Root is on /dev/md0. The system was able to boot because it has kernel-level raid autoconfiguration but I had to mount /dev/md1 manually because the device node had been missing until I created it...

What should I do/examine? I do not want to update the kernel and udev and reboot the system again just to find it in the same unusable state.Last edited by selig on Sun Aug 28, 2011 10:02 pm; edited 1 time in total

----------

## redagadir

most probably udev didn't start, or if the problem is only related to /dev/md*, this means mdadm didn't do the scan at startup.

could you check with both?Last edited by redagadir on Wed Dec 21, 2011 9:12 am; edited 1 time in total

----------

## selig

Well, udev is running fine.

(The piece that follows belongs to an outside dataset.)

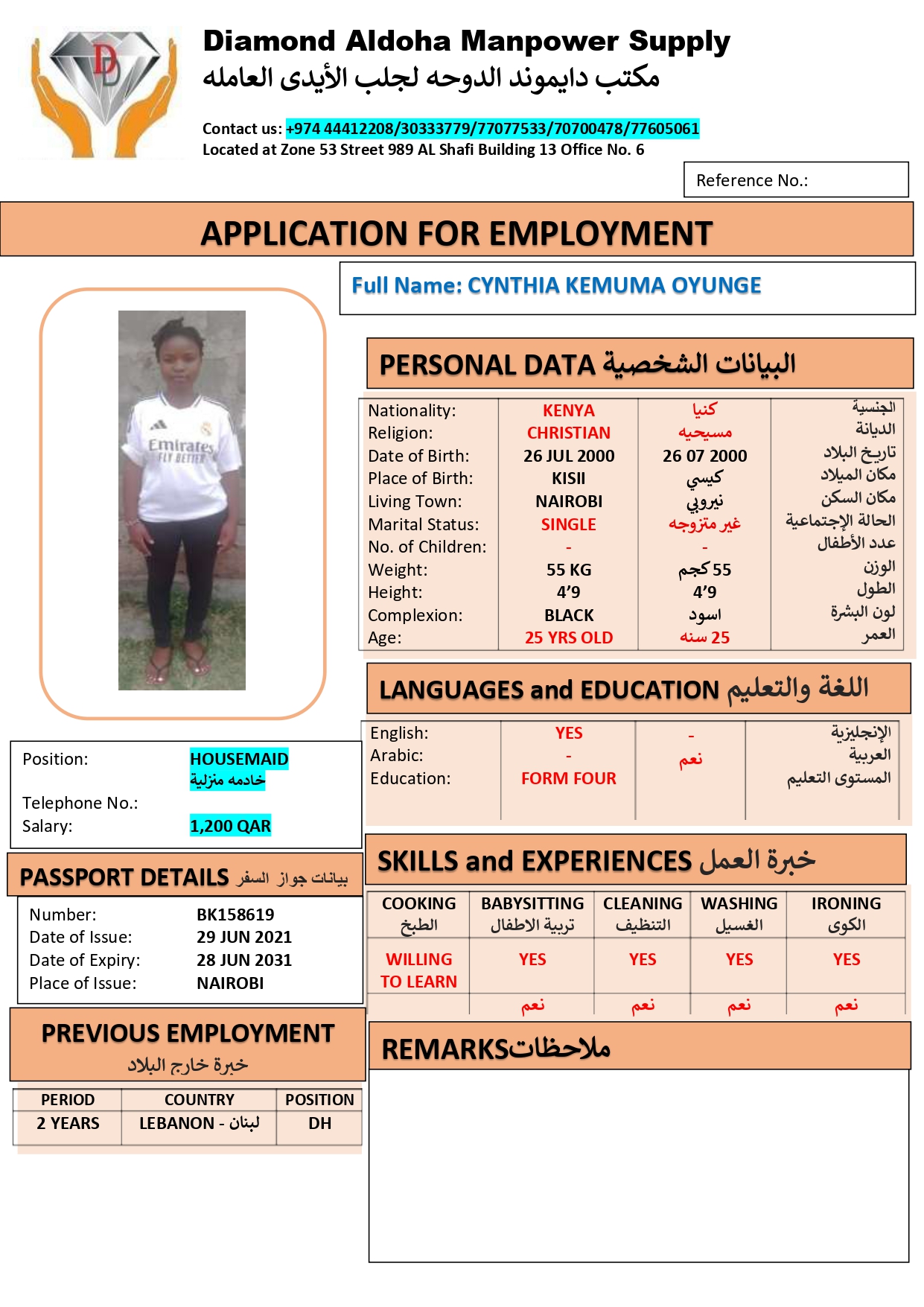 الاسم - عربي CYNTHIA KEMUMA OYUNGE

And those raid arrays are automatically started during the kernel boot process (root is on one of them). Maybe it is really because of the old versions? I will have to reboot the server in a couple of days so I guess I will see what happens after I upgrade kernel and udev.

----------

## VoidMage

Well, in the migration guide, the need to add lvm/mdraid to boot, if  you use them is mentioned.

Also, the changes in kernel module loading might be relevant.

But udev might just be pretending to run - there's i.e. CONFIG_SYSFS_DEPRECATED issue.

----------

## selig

Updating udev and kernel to recent versions and making sure udev does not complain about any kernel options helped.

----------

## dtlgc

Did you find a solution to this?

Having similar problem...

fdisk -l returns nothing....

looking in dev all devices are listed

>>>>>>>>>>>>

rebuilt kernel from this advice:

# mdadm --detail --scan >> /etc/mdadm.conf 

# genkernel --mdadm --mdadm-config=/etc/mdadm.conf ramdisk 

from here: https://forums.gentoo.org/viewtopic-t-881795-start-0.html

can now see devices with fdisk

>>>>>>>>>>>>

----------

## selig

It seemed to be an issue with a deprecated kernel configuration option being turned on - and because of that, udev (which I had updated) did not work correctly. I turned all deprecated options off, updated the kernel and it started working again. However, I am not using genkernel, I am using hardened-sources. I can post my functional .config if it helps you.

----------

## dtlgc

That .config might be nice to review - I am also using hardened-sources

----------

## selig

Here you go: http://pastebin.com/6Zsjgx2D, I hope it helps!

----------